━━━━━ Records for this task
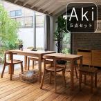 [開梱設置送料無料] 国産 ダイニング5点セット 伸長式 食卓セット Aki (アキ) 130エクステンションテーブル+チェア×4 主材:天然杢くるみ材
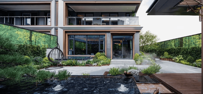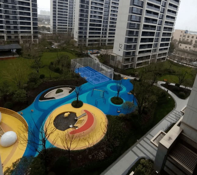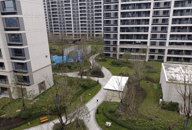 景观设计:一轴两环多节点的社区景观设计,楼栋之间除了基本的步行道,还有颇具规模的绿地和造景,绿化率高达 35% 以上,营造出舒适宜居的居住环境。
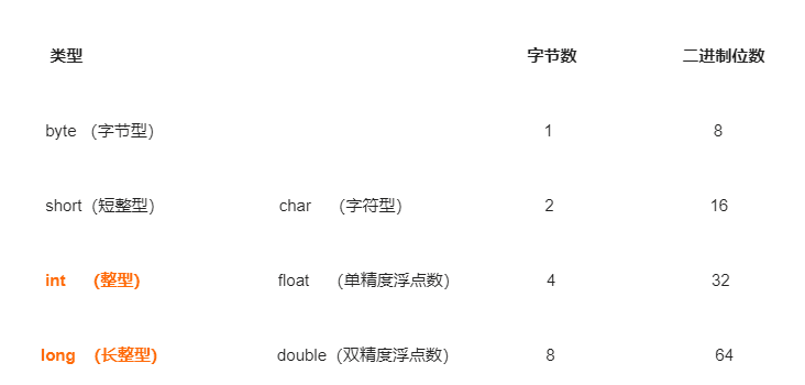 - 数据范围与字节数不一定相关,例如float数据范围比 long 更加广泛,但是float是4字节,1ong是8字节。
━━━━━━━━━━
━━━━━ Records for this task
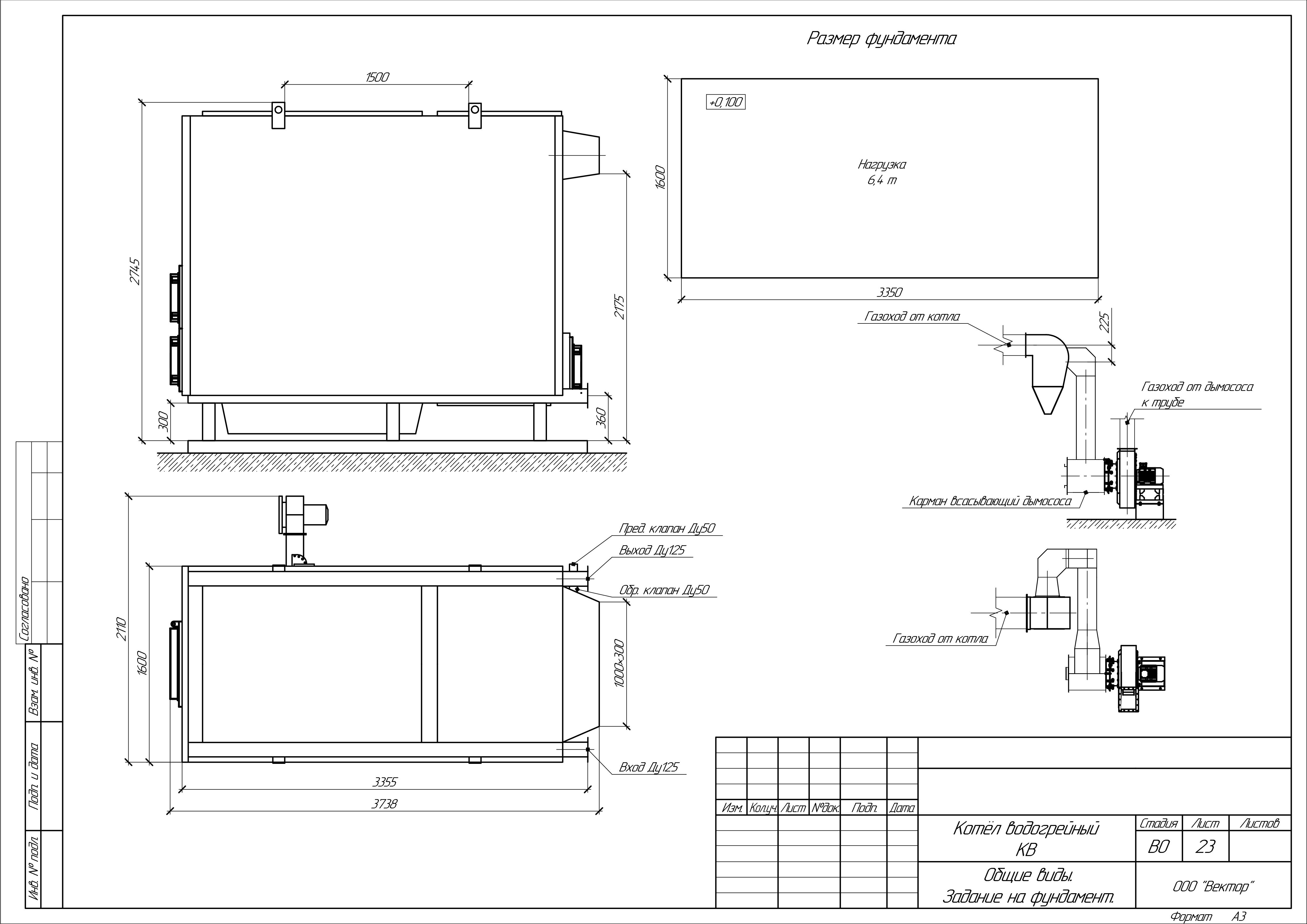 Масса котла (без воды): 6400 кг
━━━━━━━━━━
● **The problem**
Copy word for word the lines of the records above from the one with "[開梱設置送料無料] 国産 ダイニング5点セット" up to and including the one with "- 数据范围与字节数不一定相关,例如float数据范围比 long". Skip the pictures.

● **Written solution**
 [開梱設置送料無料] 国産 ダイニング5点セット 伸長式 食卓セット Aki (アキ) 130エクステンションテーブル+チェア×4 主材:天然杢くるみ材
 景观设计:一轴两环多节点的社区景观设计,楼栋之间除了基本的步行道,还有颇具规模的绿地和造景,绿化率高达 35% 以上,营造出舒适宜居的居住环境。
 - 数据范围与字节数不一定相关,例如float数据范围比 long 更加广泛,但是float是4字节,1ong是8字节。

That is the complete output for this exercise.